> [AIM OF THE EXERCISE]: The answer must consist only of the lines in the records below from the line with "この度は畳替えのご依頼を多く" to the line with "I was sitting", both included, copied word for word with every picture left out.
= Beginning of Section =
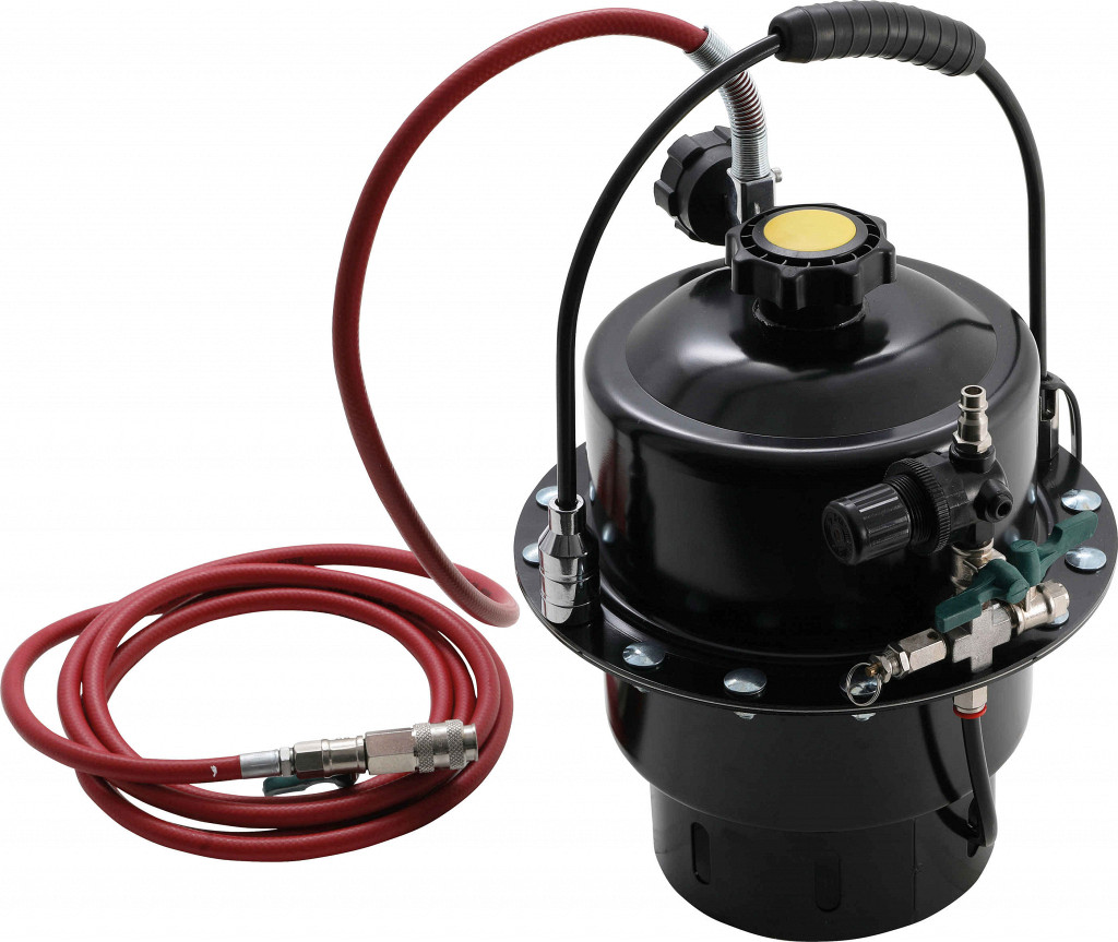 Naprava za zračenje zavor in sklopke na stisnjen zrak, z ločilno membrano, regulatorjem tlaka, merilnikom, 5-l rezervoarjem in adapterjem E20.
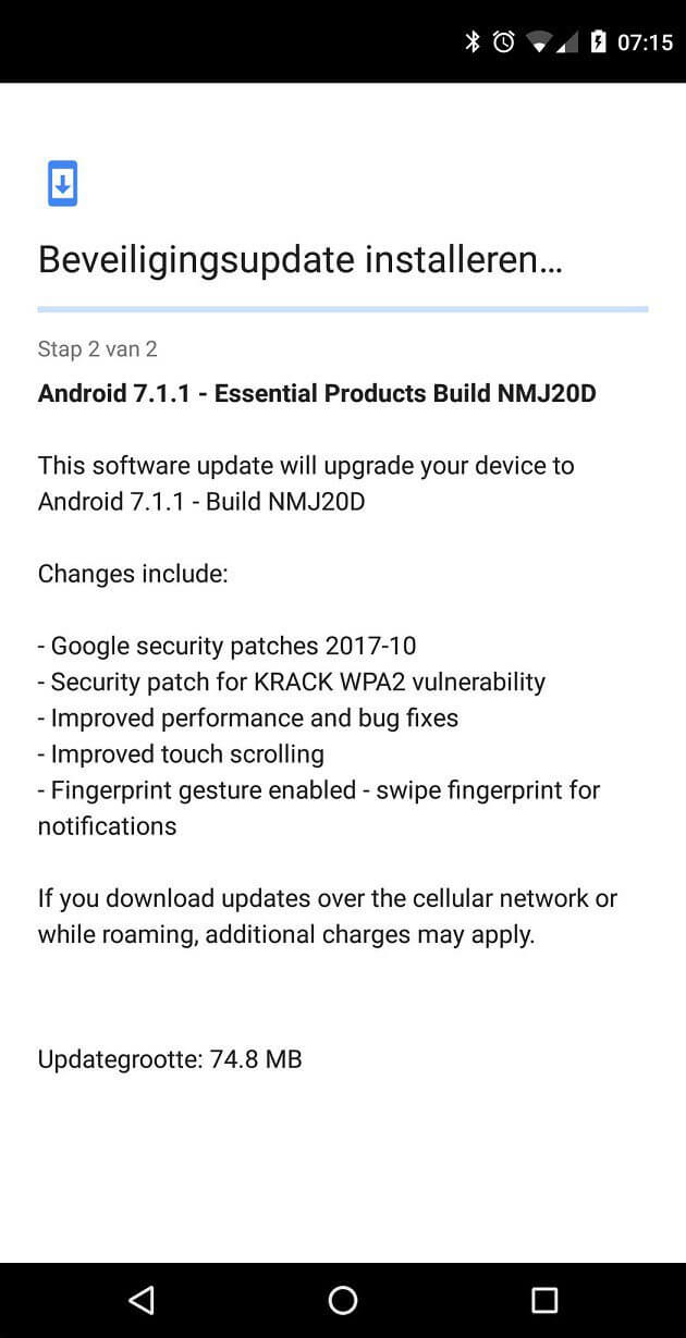 Dopo l’aggiornamento di inizio mese inerente alla fotocamera, Essential Products ha rilasciato un altro aggiornamento per il suo Essential Phone. L’update porta con sé le ultime patch di sicurezza Android di ottobre 2017, una patch di sicurezza che risolve la vulnerabilità KRACK ed altri miglioramenti. L’aggiornamento è più piccolo rispetto al precedente e pesa circa 74MB. Il firmware si aggiorna alla versione NMJ20D.
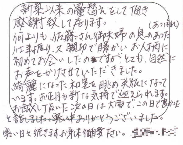 この度は畳替えのご依頼を多くの畳店の中から当店にご依頼頂き感謝申し上げます。綺麗になった畳に満足頂き私達も嬉しく思います。お正月にはお客様が来れれるのでしょうか?綺麗になった畳で快適にお過ごしください。ありがとうございました。
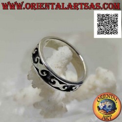 Silver band ring worked with a series of Greek letter "Chi" (X) in bas-relief
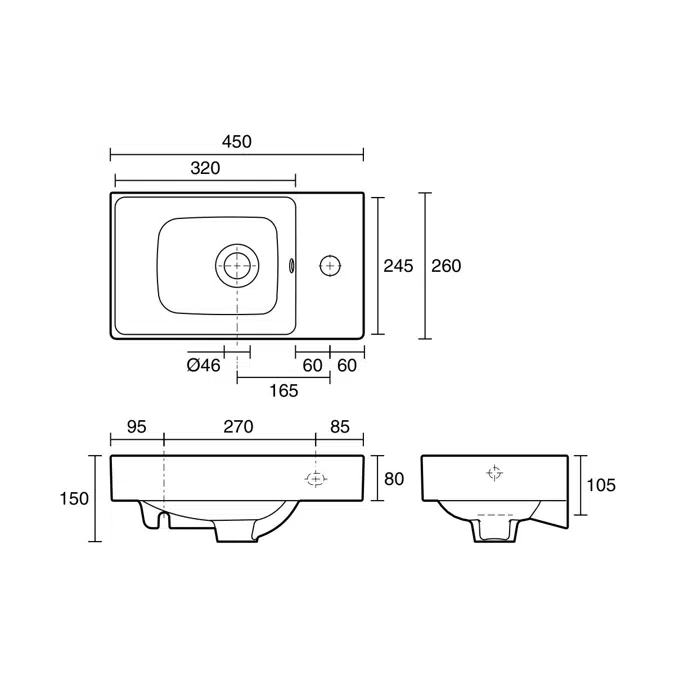 Compact dimensions: 450mm width x 260mm depth, perfect for smaller spaces
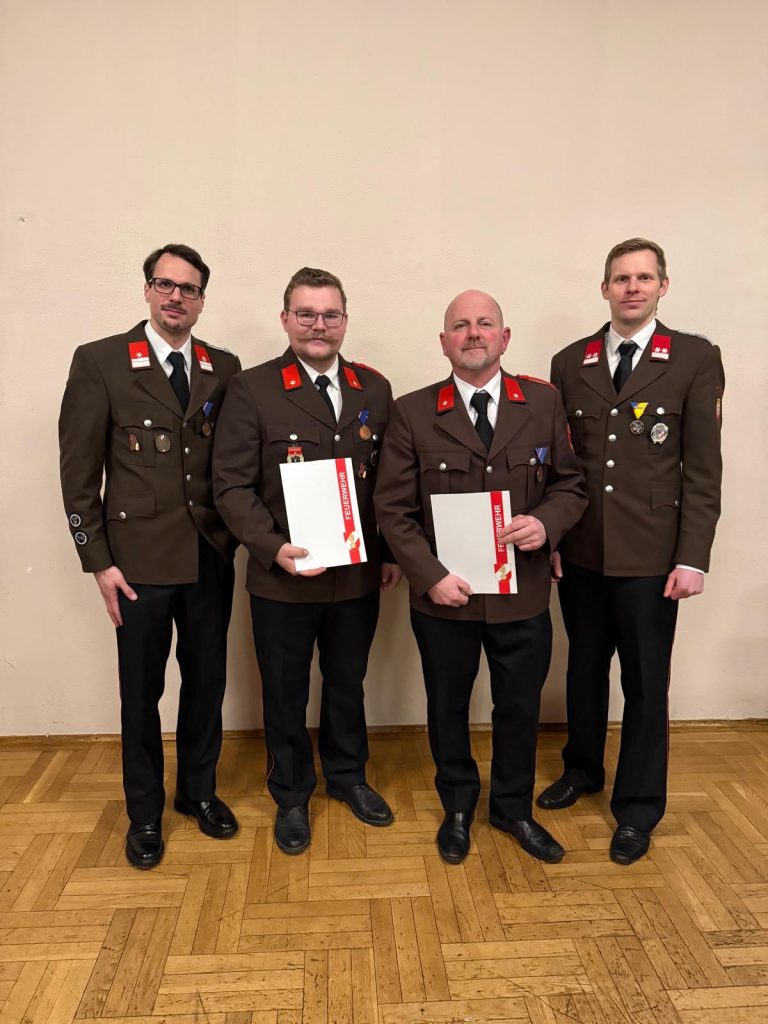In Würdigung der Leistungen beim Hochwassereinsatz 2024 wurden BI Manuel Fürtinger, SB Christian Pürrer und SB Maximilian Schitkowitz die Katastropheneinsatzmedaillen des NÖ Landesfeuerwehrverbandes verliehen.
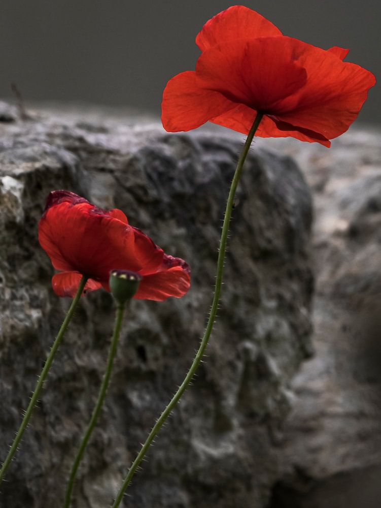 I was sitting in a beautiful garden in France looking around and then, of course, red caught my eye again. My favourite colour. The contrast with the stones in the background caught my eye. This made the red poppies stand out so beautifully. Personally, these flowers make me especially happy!
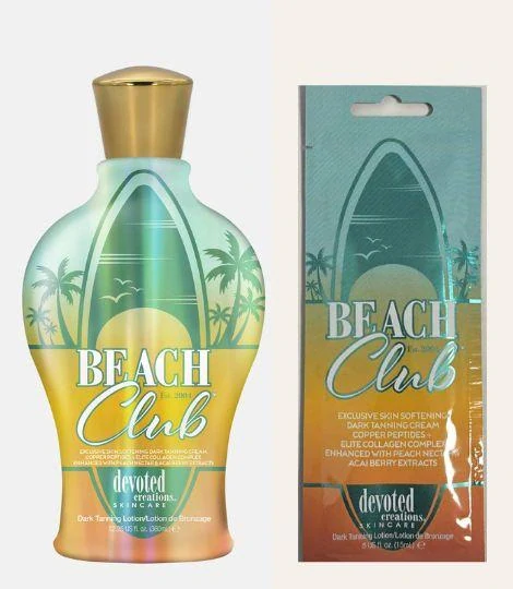 Vďaka elegantnej zmesi medených peptidov, aktivátorov tmavého opálenia a elitnej zmesi Collagen Banking bude vaša pokožka jemnejšia a hladšia, zatiaľ čo výťažky z broskýň a bobúľ acai pôsobia svojimi kúzlami, vďaka ktorým budete vyzerať žiarivo a sviežo. Či už len tak leňošíte pri bazéne alebo na pláži, Beach Club™ je vašou vstupenkou do slnkom pobozkaného vzhľadu, ktorý je tak exkluzívny, ako len môže byť. Takže, oddýchnite si, uvoľnite sa a nechajte túto prestížnu zmes urobiť zvyšok – vitajte v Devoted Creations Beach Club™
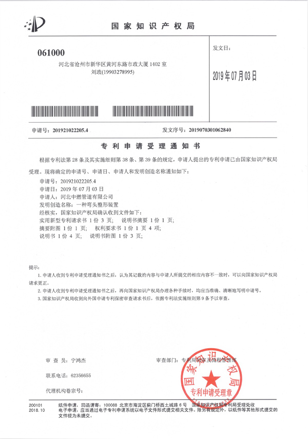 “一种法兰打孔装置”专利申请受理通知书
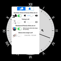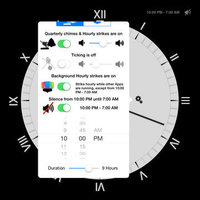 Slide your finger or tap a button to turn On / Off and set the volume level of the quarterly chimes, hourly strikes, and the ticking.
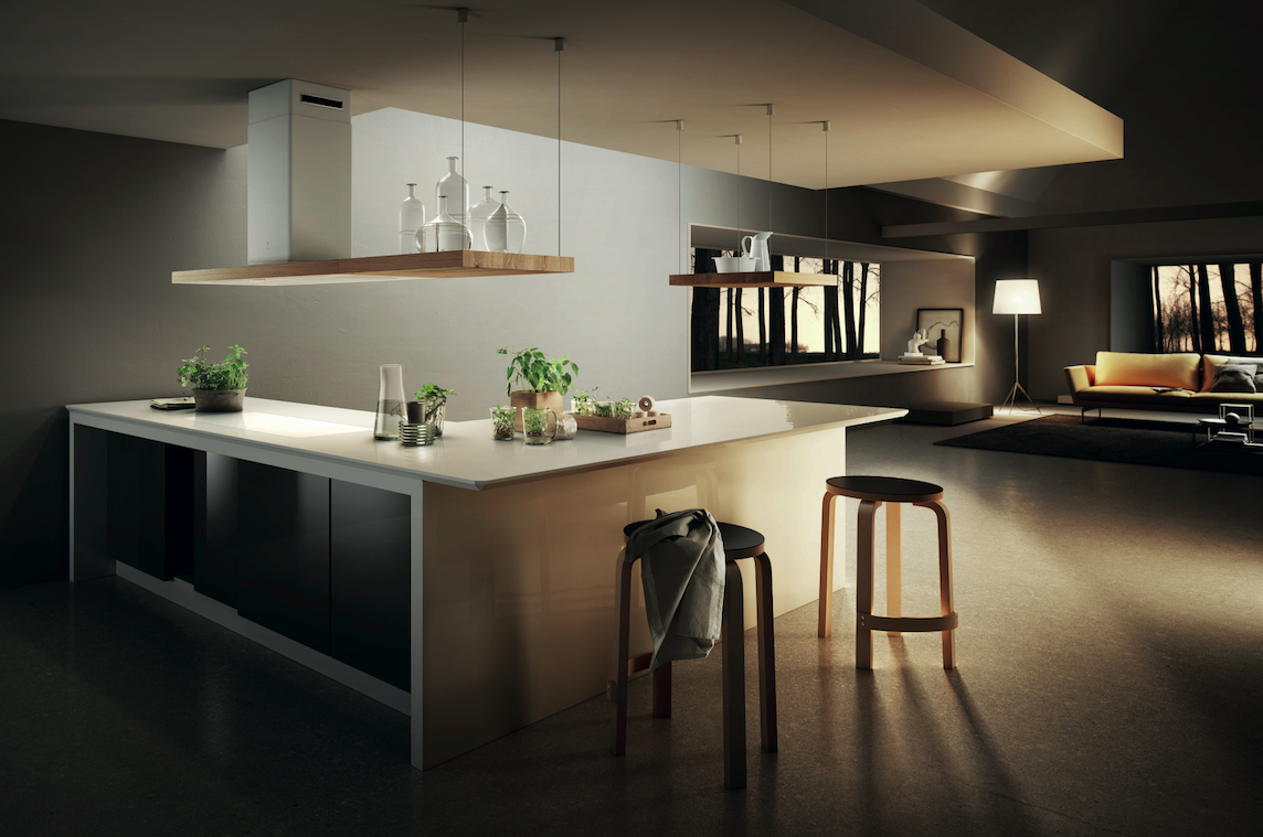 De Bio in de eilanduitvoering: deze afzuigkap is zowel modern als traditioneel in haar uiterlijk. Met de vele technische snufjes, zoals de Tune-White LED-verlichting, die van warm geel naar wit licht ingesteld kan worden, zorgt de Bio eiland afzuigkap voor de perfecte sfeer in de keuken.
= End of Section =
> [SOLUTION FOR THIS PROBLEM]:
 この度は畳替えのご依頼を多くの畳店の中から当店にご依頼頂き感謝申し上げます。綺麗になった畳に満足頂き私達も嬉しく思います。お正月にはお客様が来れれるのでしょうか?綺麗になった畳で快適にお過ごしください。ありがとうございました。
 Silver band ring worked with a series of Greek letter "Chi" (X) in bas-relief
 Compact dimensions: 450mm width x 260mm depth, perfect for smaller spaces
In Würdigung der Leistungen beim Hochwassereinsatz 2024 wurden BI Manuel Fürtinger, SB Christian Pürrer und SB Maximilian Schitkowitz die Katastropheneinsatzmedaillen des NÖ Landesfeuerwehrverbandes verliehen.
 I was sitting in a beautiful garden in France looking around and then, of course, red caught my eye again. My favourite colour. The contrast with the stones in the background caught my eye. This made the red poppies stand out so beautifully. Personally, these flowers make me especially happy!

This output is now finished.